Carnizella se refere à PEC 257/2016, que tramita na Assembleia Legislativa e sugere a revogação do artigo 35 da constituição estadual. Caso aprovada a medida, haveria a extinção de uma data fixa para o pagamento mensal e do 13º salário dos servidores públicos do Estado.

Entre as 32 paralisadas, cerca de 20 instituições pararam totalmente. A expectativa do CPERS é de que o movimento aumente ao longo da greve, cujo tempo de duração é indeterminado. Além das 32 escolas de Caxias, uma de São Marcos e duas de Farroupilha também aderiram ao movimento.
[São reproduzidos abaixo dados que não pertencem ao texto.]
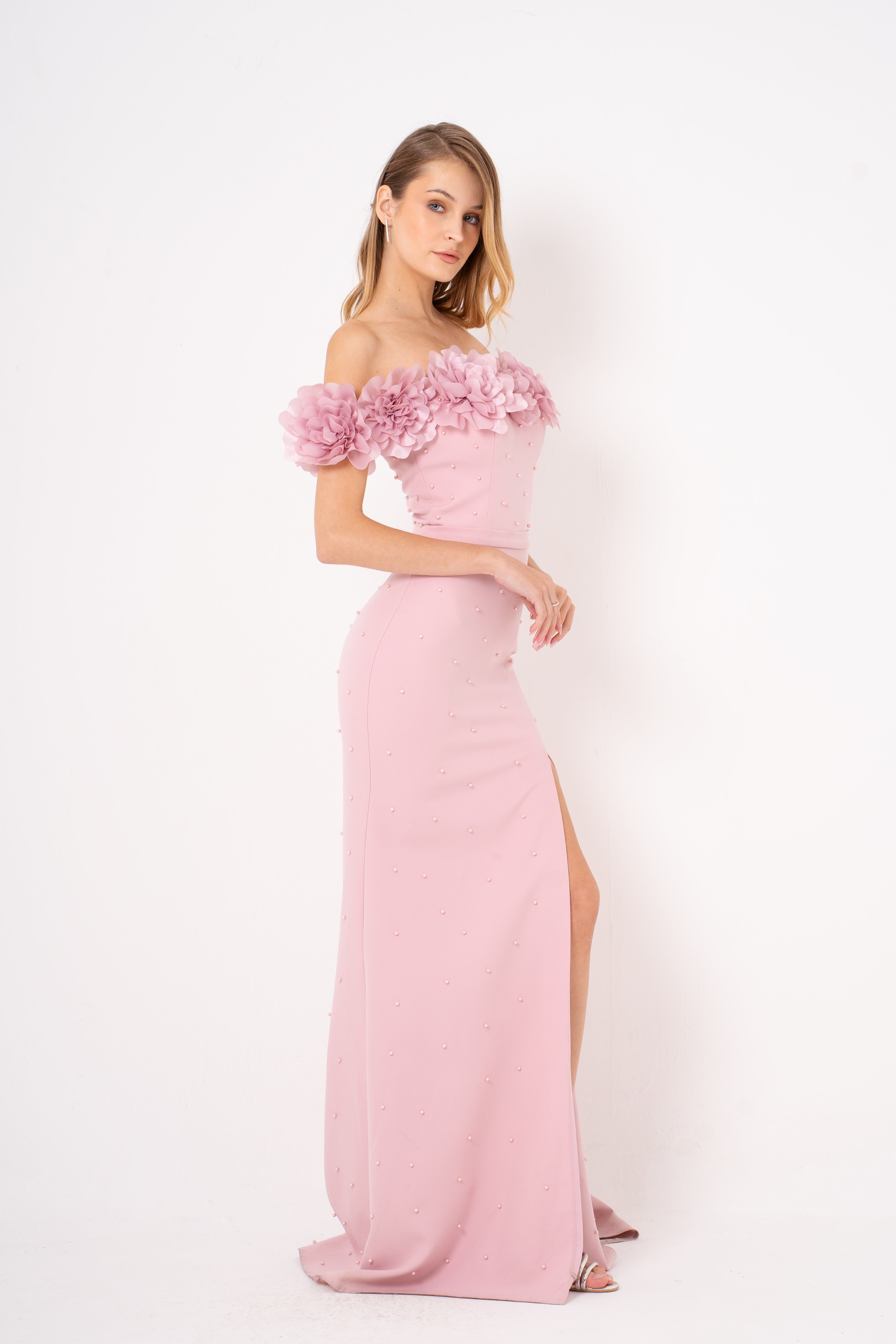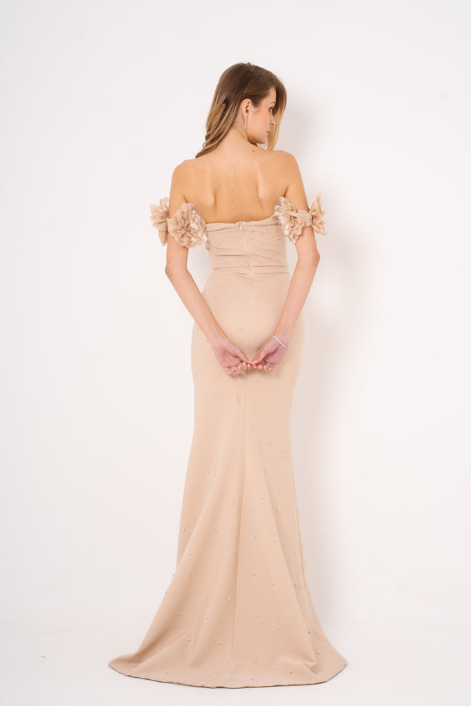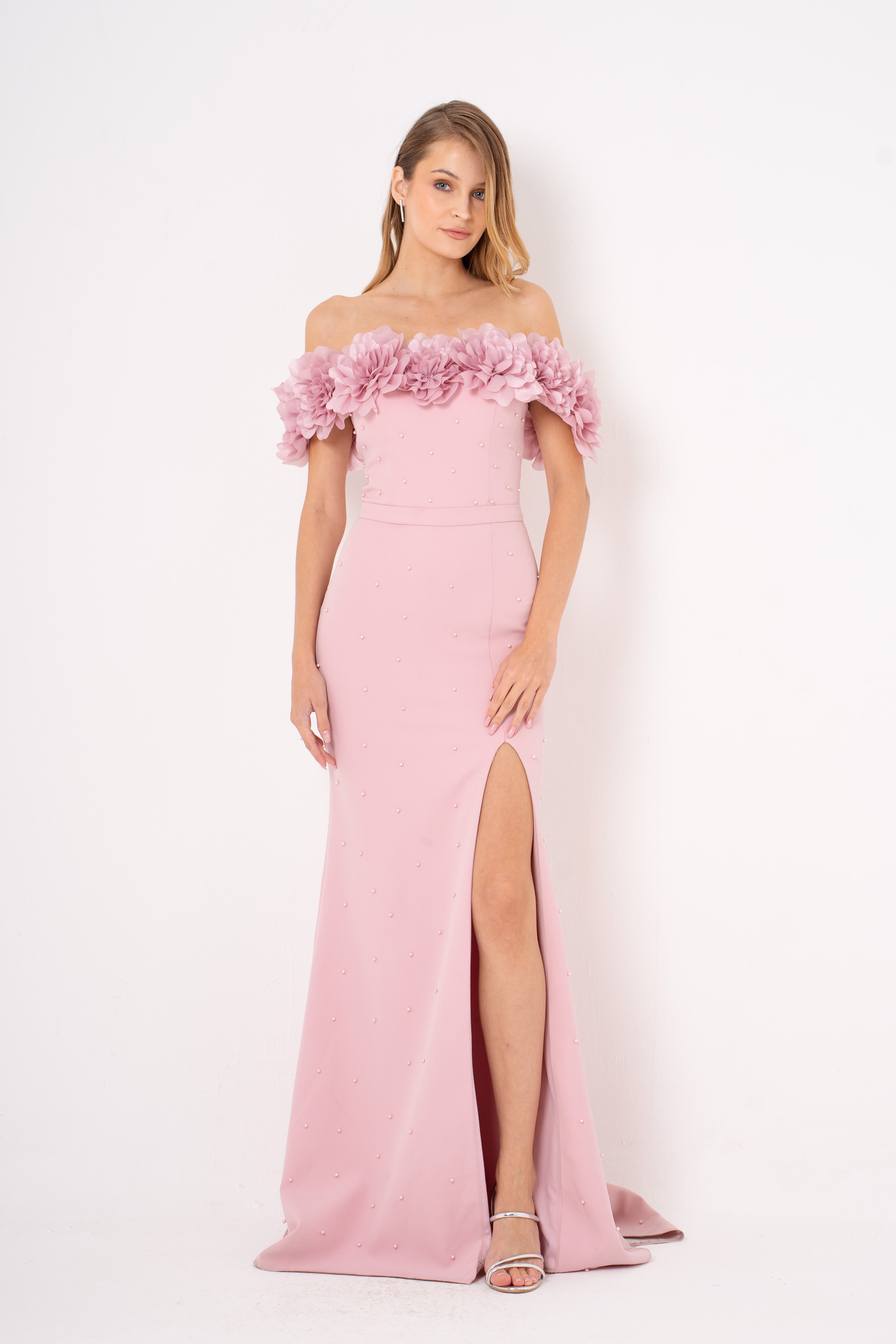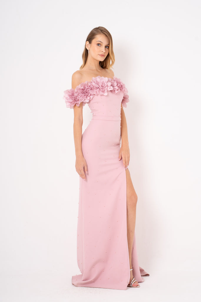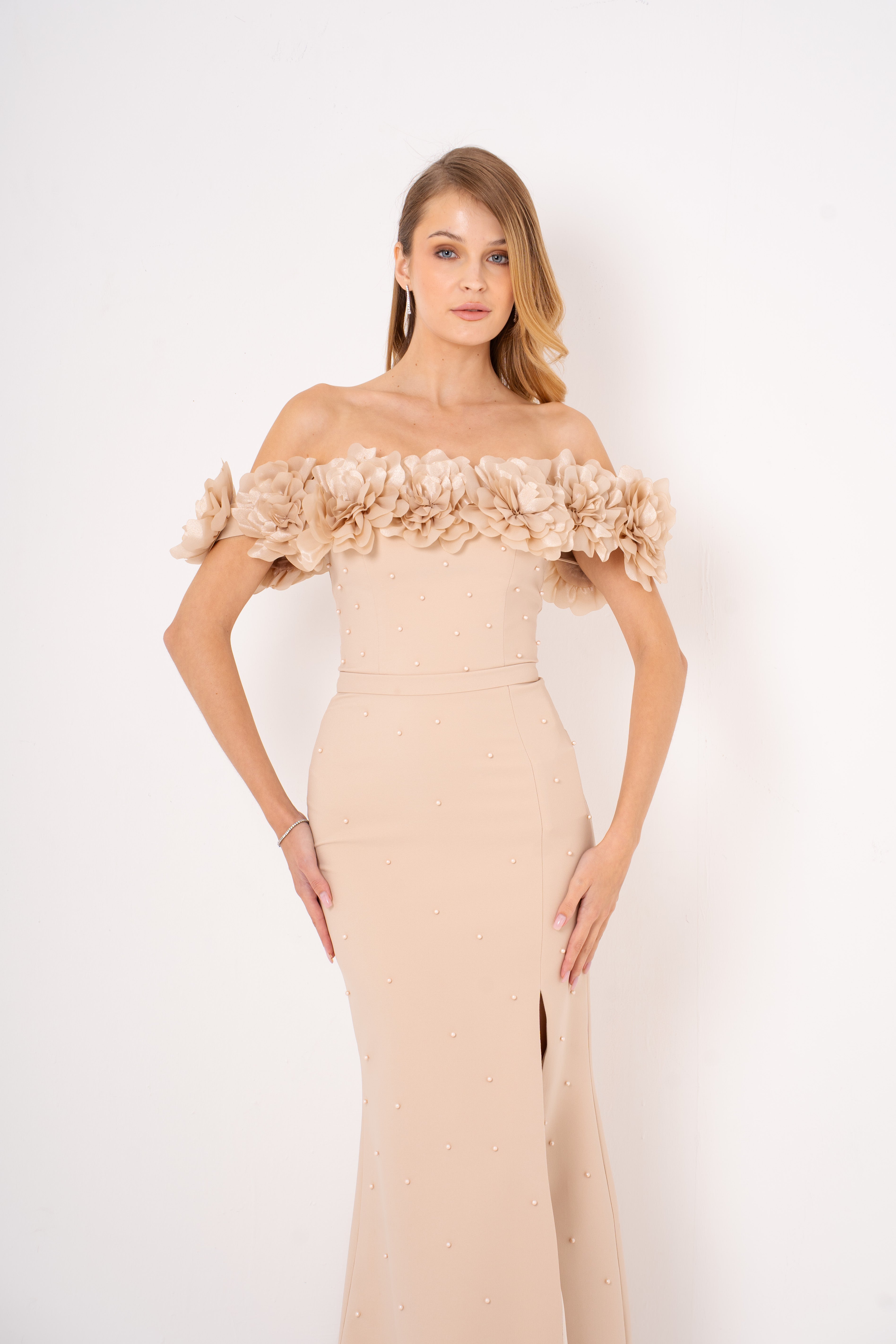 Introducing Sheere - the flower-powered maxi! Show off those shoulders and legs with this flirty and feminine off-the-shoulder dress featuring a high slit. Perfect for a romantic date or a night out with friends. Get ready to turn heads and bloom with confidence.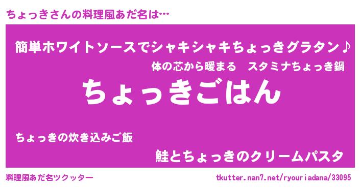 | 胡散臭い通販商品みたいなあだ名 | 『信頼と実績のサプリメント…その名も「ちょっき」』 |
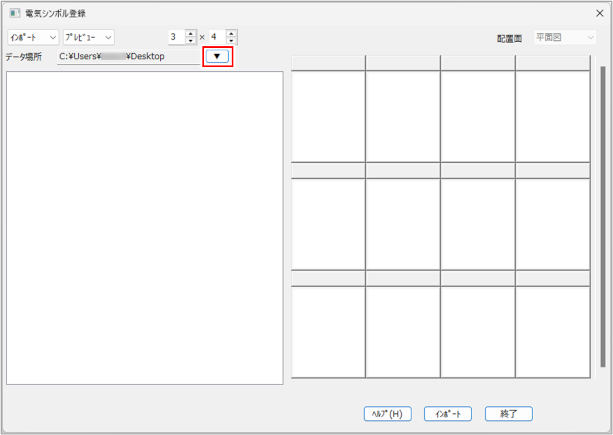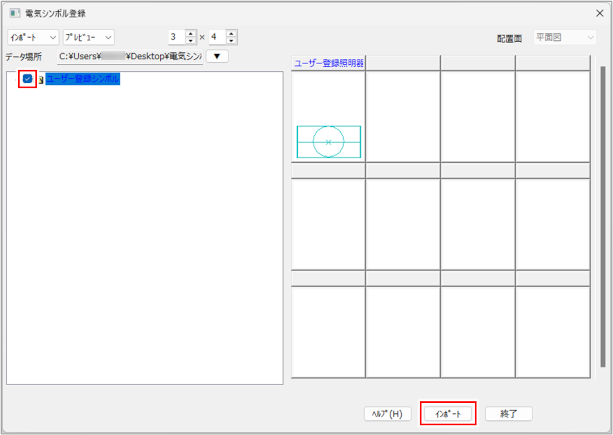 インポートする電気シンボルが含まれるフォルダにチェックを付けて[インポート]ボタンをクリックします。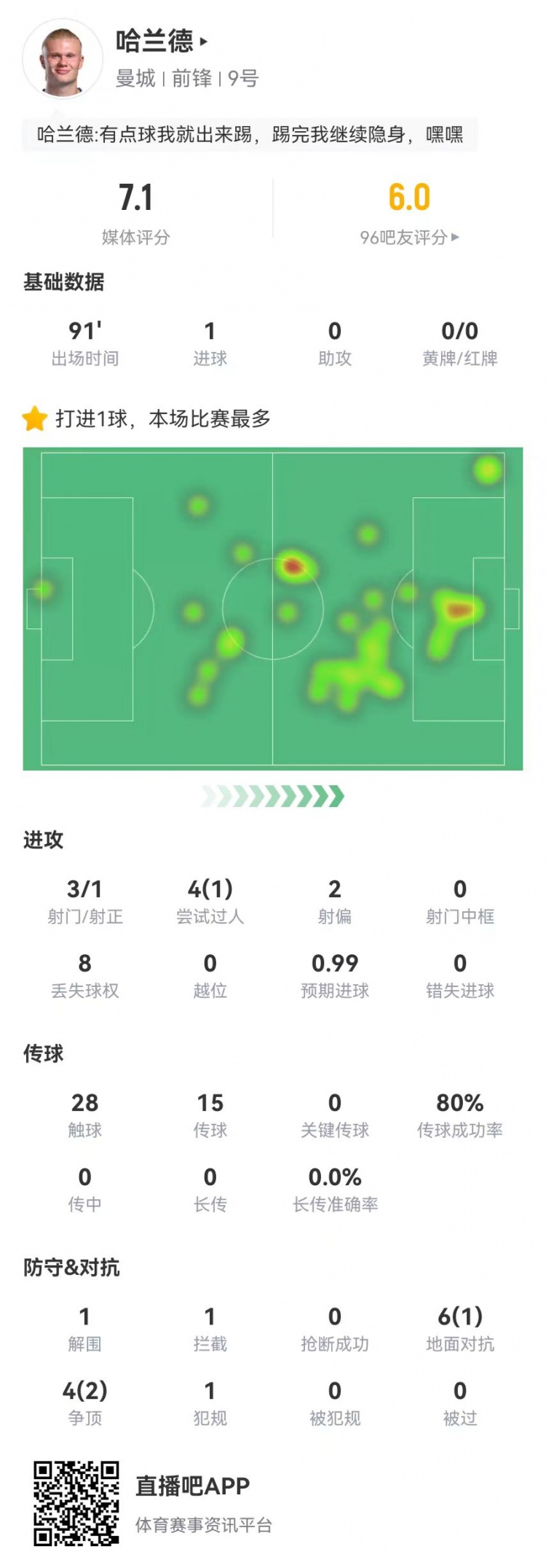 3月16日訊 曼城在本輪英超2-2戰(zhàn)平布萊頓,哈蘭德本場數(shù)據(jù)如下: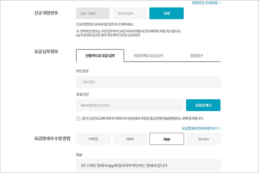 마지막으로 신규 희망번호나 요금 납부정보 그리고 요금명세서 수령 방법 등을 입력하면 KT 샵에서 스마트폰 구매 절차가 완료됩니다. 차분하게 따라한다면 크게 어려운 부분은 없을 것 같습니다.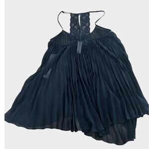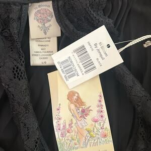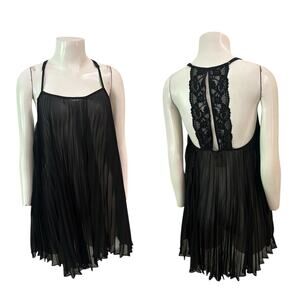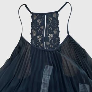 NWT Black Sheer Pleated Lace Babydoll Lingerie Top / Size Large -
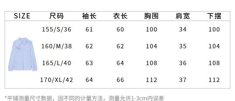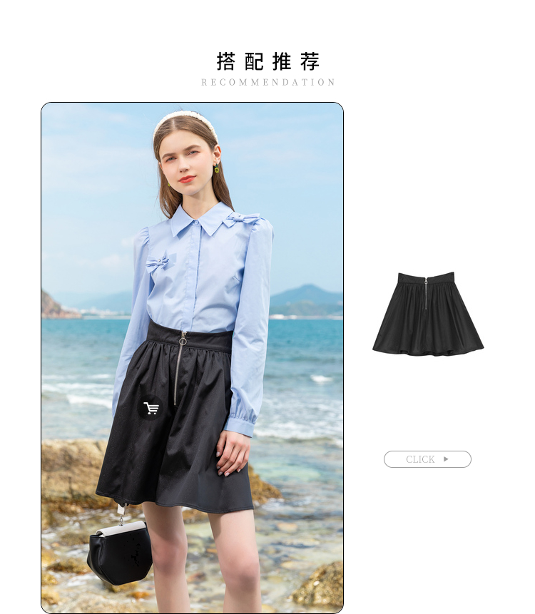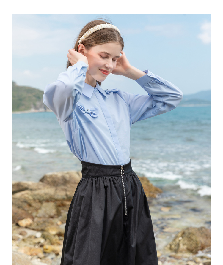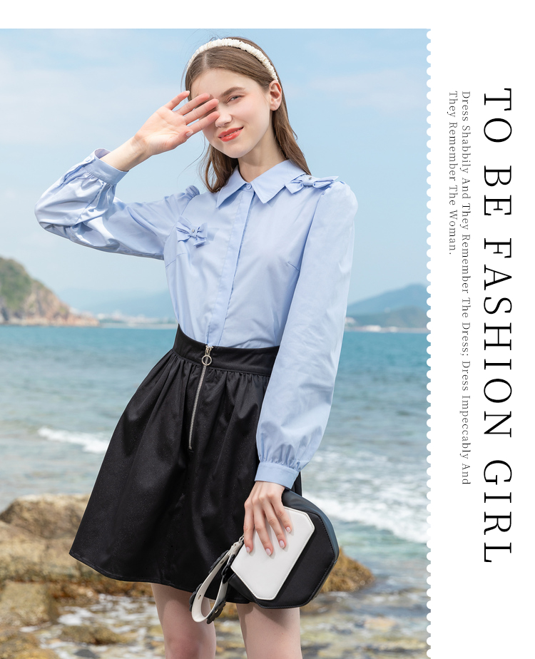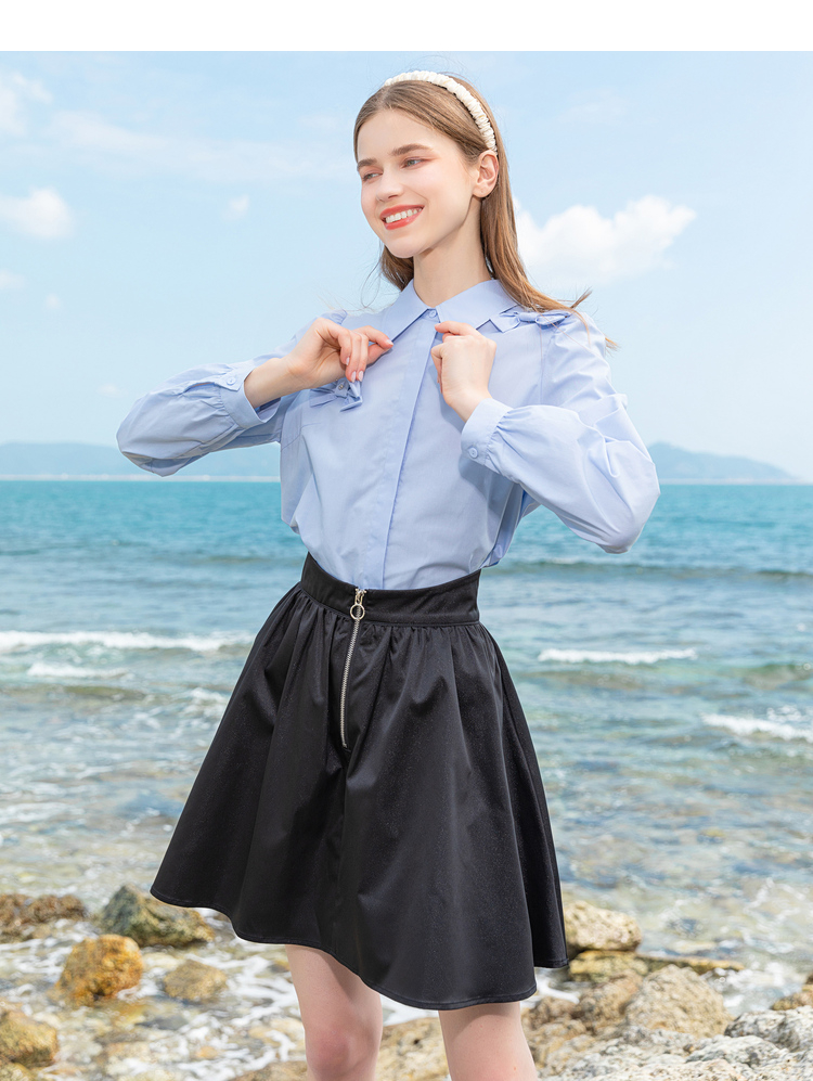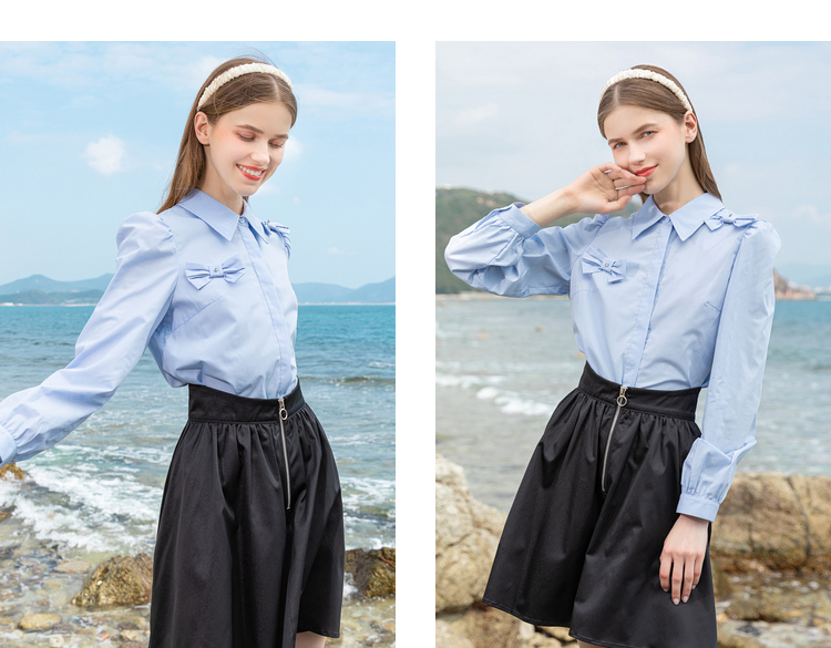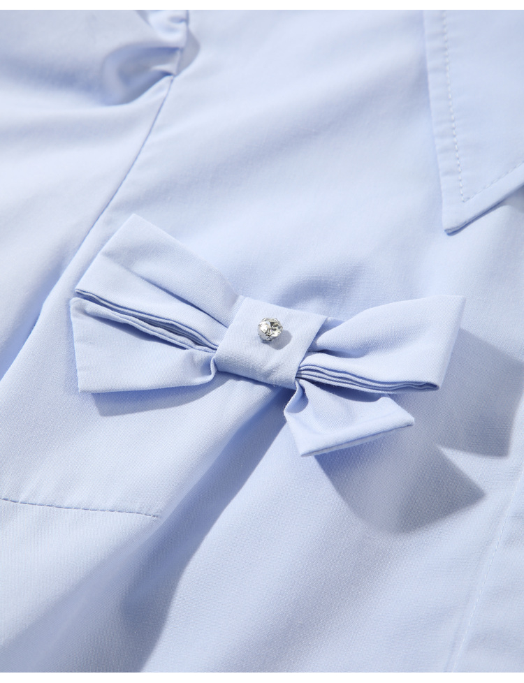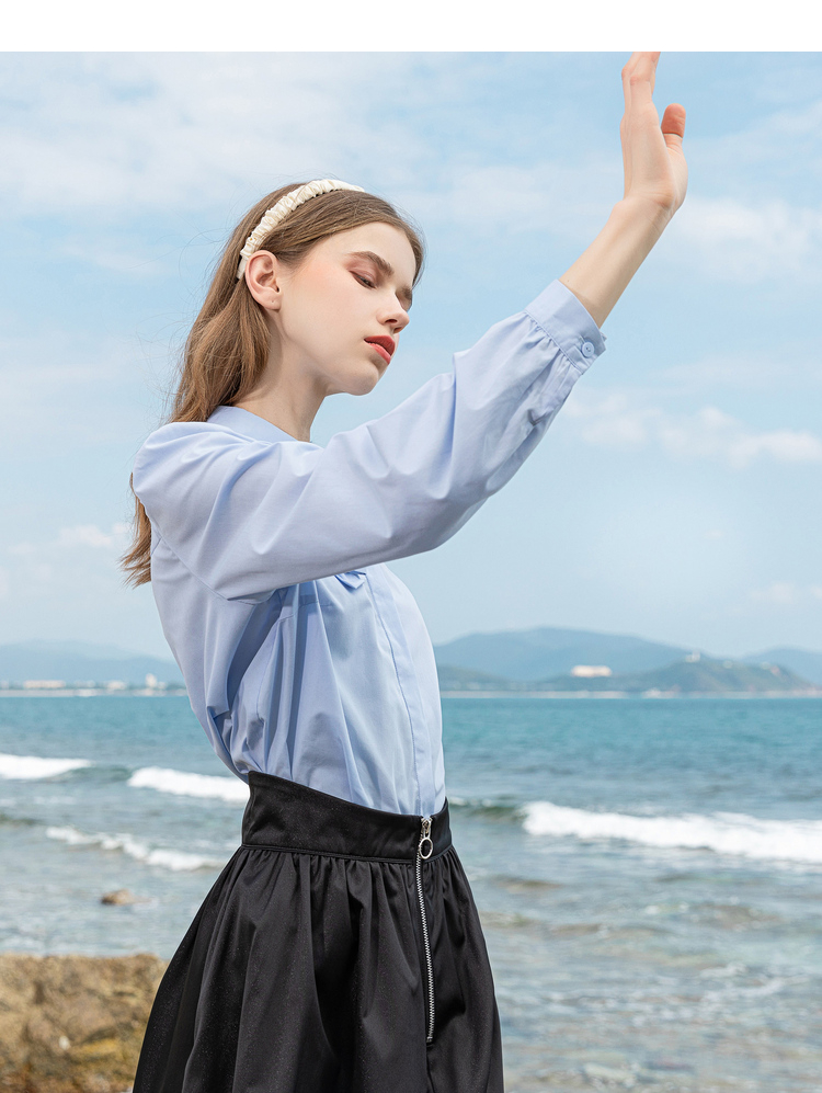 Lagogo拉谷谷2022春季新款翻领蝴蝶结泡泡袖衬衫女长袖浅蓝色上衣LACC432C21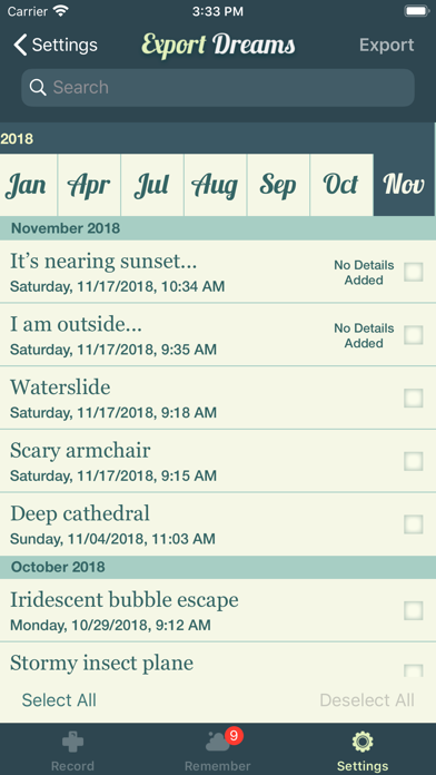 - EXPORT: share your dreams with the world as text, text files or PDF files using your favorite apps and services

A 4ª Coordenadoria Regional de Educação (4ª CRE), avalia o movimento como legítimo, porém, recomenda que professores grevistas não pressionem docentes que não aderiram à paralisação.

— Precisamos que haja bom senso por parte de quem está paralisado e que respeitem o direto de quem não se juntou à mobilização. Conferimos a legitimidade do movimento e acreditamos que esse alto número de professores que aderiu reflete uma insatisfação geral do momento — afirma a coordenadora de Recursos Humanos da 4ª CRE, Cristina Boeira Fabris.

Estado deve quitar salários amanhã

O governo do estado depositou R$ 400 nesta segunda, e depositará mais R$ 800 nesta terça a servidores com rendimento de até R$ 2 mil, o que equivale a 54% do total do funcionalismo.

A previsão para quitação integral dos salários se mantém para esta quarta.